第14話 始まり

僕は地下の病室にいた。

隣には、妹が寝ている、もうずっと起きていない。

「はぁ、」

僕は水をくみにベットの隣のパイプ椅子から立ち上がった。

そして僕が蛇口を捻って貴重な水を出してコップに入れていると。

ドアをノックする音が聞こえた。

「私だよ私、入ってもいいかな?」

僕は一瞬、誰?と思ったがその声に聞き覚えがあったので、脳の片隅の方にあった記憶を蘇らせる。

「ああ、委員長ですか、どうぞ」

それは、昔僕のクラスで学級委員長をやっていた女の子だった。

以前も僕がこうして蛇口をひねって水を出している時に話しかけてきたっけ、それが彼女との最初の思い出、なんも変哲もない、学校の思い出。

僕は蛇口を慌てて閉める。

「久しぶりだね、あれからいろんなことがあったけど、こうして生きているのを見ているだけでも私感激だよ〜」

と、彼女は、重い顔をしながらも、いつも通り、あの時のままの状態で話してくれる。

「はい、そうですね、もうあれから三年たちましたからね、、」

と、僕は重い声を隠さず言ってしまう。

「まあ、そうなんだけど私が言いたかったのは、ちがくて、、」

と言ってくる。僕は首を傾けた。

「それは、どういう、、」

僕はさらに首を傾けた。

「まあ、いいや、」

僕はすこし、知りたかったが、あえて聞かなかった。これは、今聞くことでもないし、今聞くのは失礼だ。

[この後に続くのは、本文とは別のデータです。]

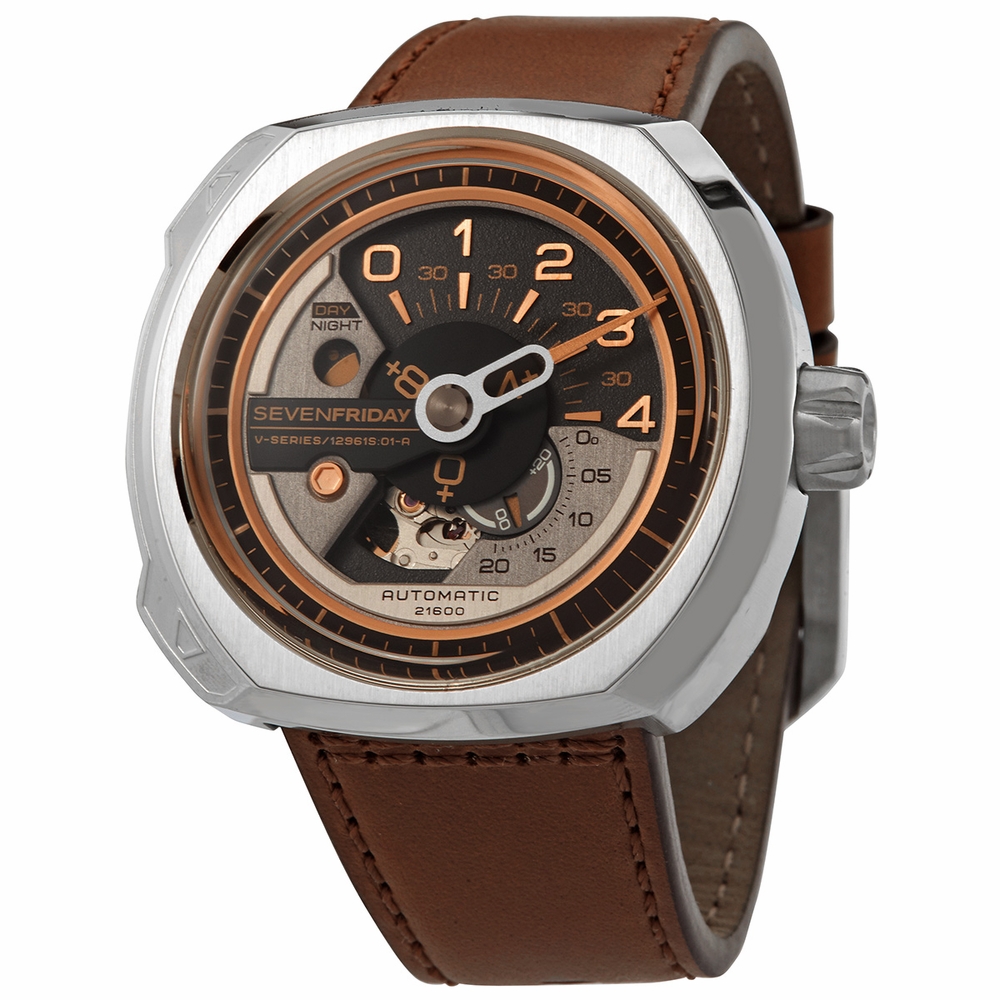 Silver-tone stainless steel case with a brown leather strap. Fixed silver-tone stainless steel bezel. Transparent dial with index-Arabic numeral hour markers. Minute markers around the outer rim. Dial Type: Analog. Two sub-dials displaying: 60 second and 24 hour. Miyota Caliber 82S7 Automatic movement, containing 21 Jewels, bitting at 21600 vph, and has a power reserve of approximately 40 hours. Scratch resistant mineral crystal. Pull / push crown. Transparent see through case back. Square case shape, case size: 44.3 mm. Tang clasp. Water resistant at 30 meters / 100 feet. Functions: GMT, second time zone, hour, minute, small second, day/night indicator. Additional Info: fast strap changer equipped. Sport watch style. Watch label: Japan Movt. SevenFriday Automatic Mens Watch V2/01.

「まあ、良かったよ!じゃあ私は他の子に会わなくちゃいけないから!」

と、右手で僕に手を振って病室を出て行った。

「てか、なんでこの場所分かったんだよ、しかも他の子って、一体誰なんだろう、、」

と、僕が呟くと

ドアが勢いよく空いて、そこからひょっこりと顔を出して彼女は、言った

「内緒だよ!まあ、知らない子だよ!」

それ、内緒じゃないじゃんと突っ込みたくなったが言わなかった。

「今度こそ本当にじゃあね!」

と言って彼女は、台風のように去っていった。

彼女がいなくなった病室はまたいつものように暗く重い空気に戻っていた。